Exercise inputs:
BEGIN
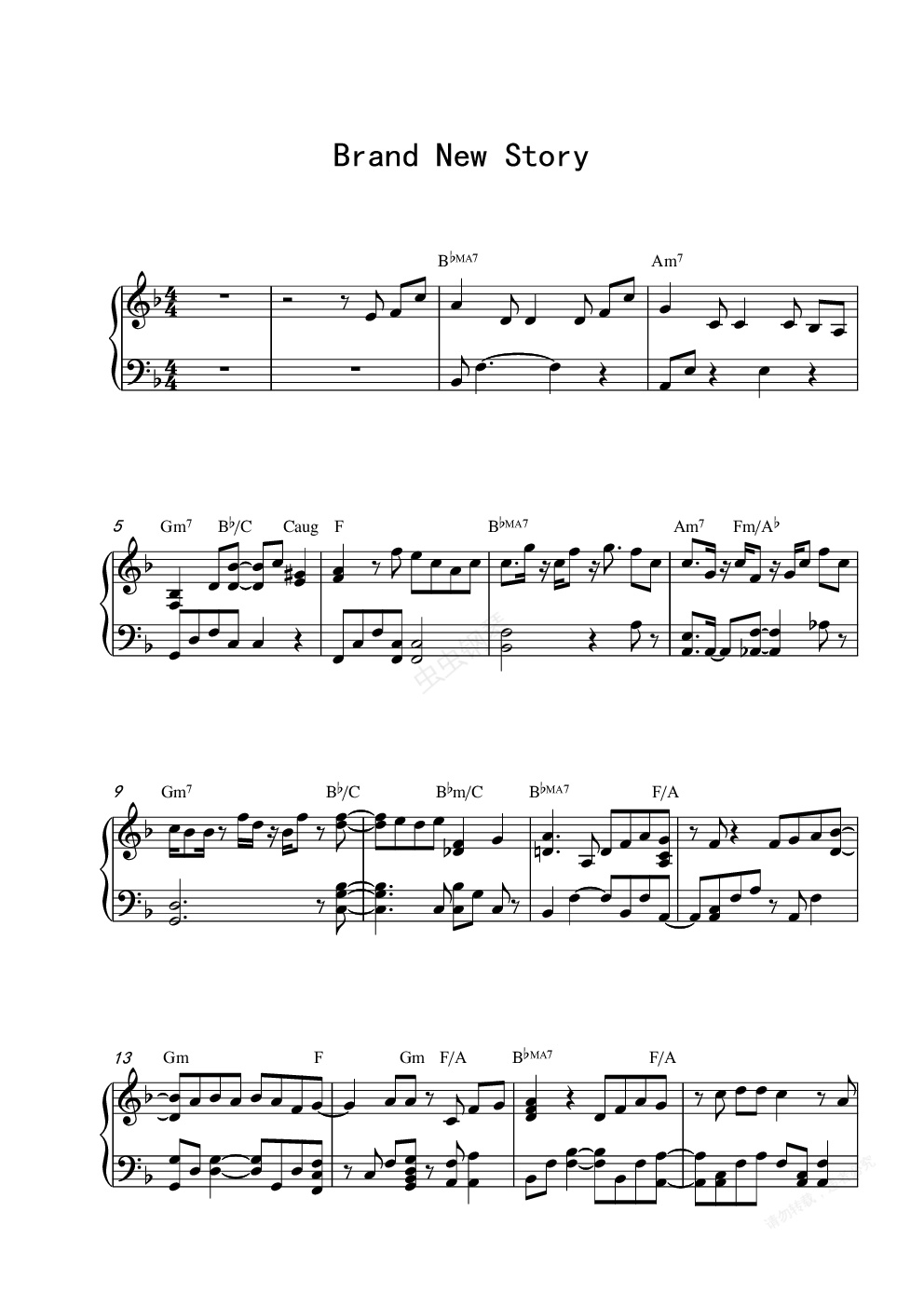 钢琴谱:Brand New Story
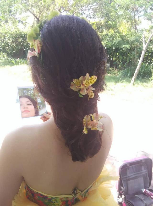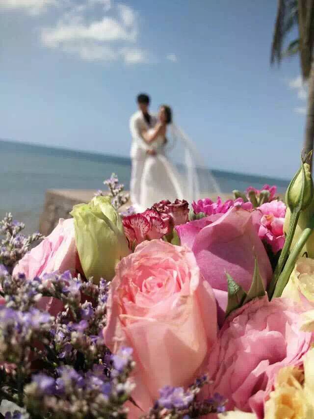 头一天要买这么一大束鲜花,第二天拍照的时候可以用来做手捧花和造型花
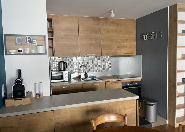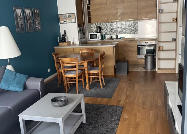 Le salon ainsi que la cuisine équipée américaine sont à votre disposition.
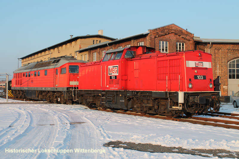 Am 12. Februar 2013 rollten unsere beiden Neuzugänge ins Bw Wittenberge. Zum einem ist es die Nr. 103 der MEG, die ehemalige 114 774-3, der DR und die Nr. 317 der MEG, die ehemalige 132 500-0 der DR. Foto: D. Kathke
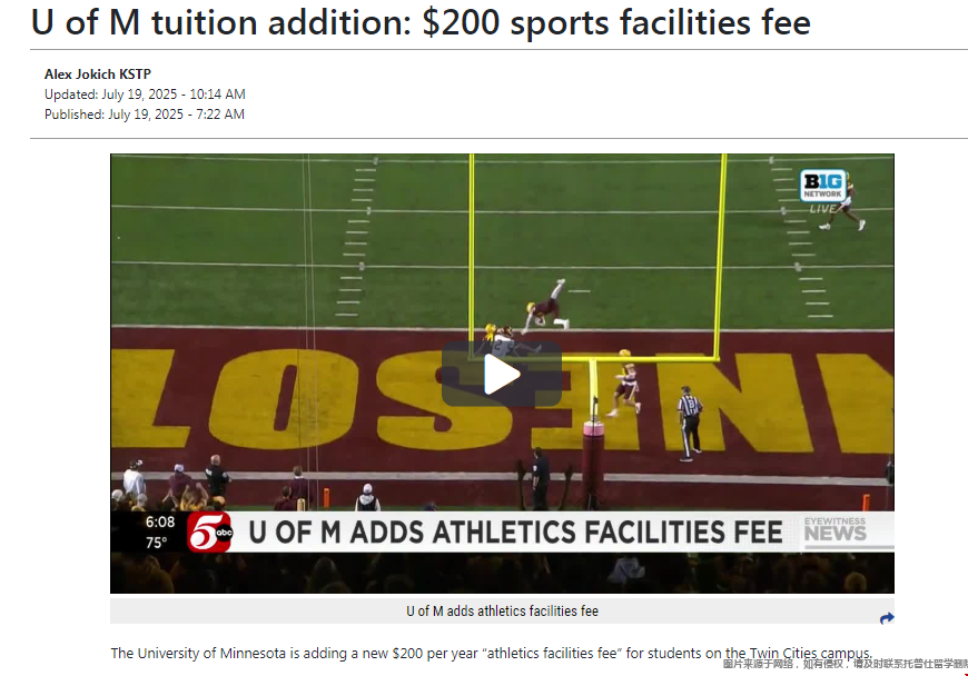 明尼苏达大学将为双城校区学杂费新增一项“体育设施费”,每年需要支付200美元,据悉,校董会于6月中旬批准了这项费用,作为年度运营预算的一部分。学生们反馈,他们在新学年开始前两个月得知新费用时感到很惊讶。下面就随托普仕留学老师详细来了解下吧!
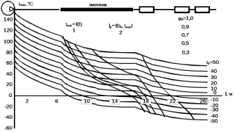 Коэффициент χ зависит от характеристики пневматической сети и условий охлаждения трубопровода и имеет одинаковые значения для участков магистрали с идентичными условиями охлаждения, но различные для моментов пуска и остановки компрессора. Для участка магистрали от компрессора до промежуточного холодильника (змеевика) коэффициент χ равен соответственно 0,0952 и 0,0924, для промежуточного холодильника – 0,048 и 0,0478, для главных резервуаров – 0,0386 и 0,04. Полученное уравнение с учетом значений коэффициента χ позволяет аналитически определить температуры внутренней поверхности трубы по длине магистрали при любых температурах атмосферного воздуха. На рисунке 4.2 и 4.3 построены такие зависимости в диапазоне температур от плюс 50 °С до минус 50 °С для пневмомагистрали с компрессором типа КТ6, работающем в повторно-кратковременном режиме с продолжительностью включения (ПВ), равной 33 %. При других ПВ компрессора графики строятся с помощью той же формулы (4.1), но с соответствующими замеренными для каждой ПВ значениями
END
Exercise directions: What is needed is the full material, retyped unchanged, with no pictures in it.

Output of the exercise:
 钢琴谱:Brand New Story
 头一天要买这么一大束鲜花,第二天拍照的时候可以用来做手捧花和造型花
 Le salon ainsi que la cuisine équipée américaine sont à votre disposition.
 Am 12. Februar 2013 rollten unsere beiden Neuzugänge ins Bw Wittenberge. Zum einem ist es die Nr. 103 der MEG, die ehemalige 114 774-3, der DR und die Nr. 317 der MEG, die ehemalige 132 500-0 der DR. Foto: D. Kathke
 明尼苏达大学将为双城校区学杂费新增一项“体育设施费”,每年需要支付200美元,据悉,校董会于6月中旬批准了这项费用,作为年度运营预算的一部分。学生们反馈,他们在新学年开始前两个月得知新费用时感到很惊讶。下面就随托普仕留学老师详细来了解下吧!
 Коэффициент χ зависит от характеристики пневматической сети и условий охлаждения трубопровода и имеет одинаковые значения для участков магистрали с идентичными условиями охлаждения, но различные для моментов пуска и остановки компрессора. Для участка магистрали от компрессора до промежуточного холодильника (змеевика) коэффициент χ равен соответственно 0,0952 и 0,0924, для промежуточного холодильника – 0,048 и 0,0478, для главных резервуаров – 0,0386 и 0,04. Полученное уравнение с учетом значений коэффициента χ позволяет аналитически определить температуры внутренней поверхности трубы по длине магистрали при любых температурах атмосферного воздуха. На рисунке 4.2 и 4.3 построены такие зависимости в диапазоне температур от плюс 50 °С до минус 50 °С для пневмомагистрали с компрессором типа КТ6, работающем в повторно-кратковременном режиме с продолжительностью включения (ПВ), равной 33 %. При других ПВ компрессора графики строятся с помощью той же формулы (4.1), но с соответствующими замеренными для каждой ПВ значениями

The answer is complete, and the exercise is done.